Okay, you unzipped the tar.gz file and now you have a .tar file, right? The .tar.gz is similar to a zip file, it contains a lot of files in one archive and then compresses it. In a zip file, this is done in one step. With a tar.gz file, this has two steps. First someone took many files and put them in one archive, which ends in .tar, then the tar file is compressed using gzip, and it becomes .tar.gz
Now, what you have done with 7zip is just undo the second part, the compression. You still need to get the files out of the .tar which is still an archive (just not compressed). All you need to do is untar it. I am sure 7zip can let you do that, too. So you probably just need to open it with 7zip again and ask it to unpack the tar file.
Next time, if you open a tar.gz file with any archiver program, and you all you see is a tar file inside, just double-click that tar file and it will give you the real contents of the archive.

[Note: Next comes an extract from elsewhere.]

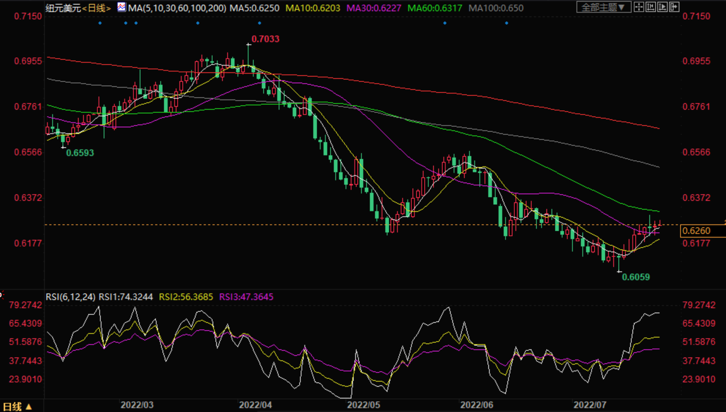 周二盘中,纽元/美元上涨,自低位0.6214涨至高位0.6279后,当日上涨0.27%。周一美元兑一篮子货币和主要货币对承压,因投资者离场观望。 基本面上,据路透社,新西兰联储行长阿德里安·奥尔周二表示,正在对近期实施的货币政策表现展开审查。审查将评估与职权范围内概述目标相关的通货膨胀和就业指标,以及根据制定时
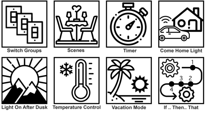 If.. Then.. That. Flexible programming allows switch states, time, temperature and other events to invoke a sequence of actions.

Well I installed slackware 12.2 on a pc and downloaded the prebook.tar.gz using lynx to my slackware machine. But now the problem is that I use tar -xvzf prebook3.0.tar.gz and nothing happens but things scroll accross the screen like directory name but nothing is actually untarred. what i am i doing wrong tried gzip -d prebook.tar.gz and now my file is prebook.tar. I know after i untar the file I should be able to cd into that directory and do a ./configure. help
thanks vadder
"tar xvzf" is indeed the correct command to uncompress a tar.gz file. Are you sure it did not unpack the files? maybe the directory is not named as you expect it to be? Did you check with 'ls' to see what the current directory holds?
Also, are you reading the Slackbook? You really should read it to learn how to use Slackware, and maybe some other general linux guides.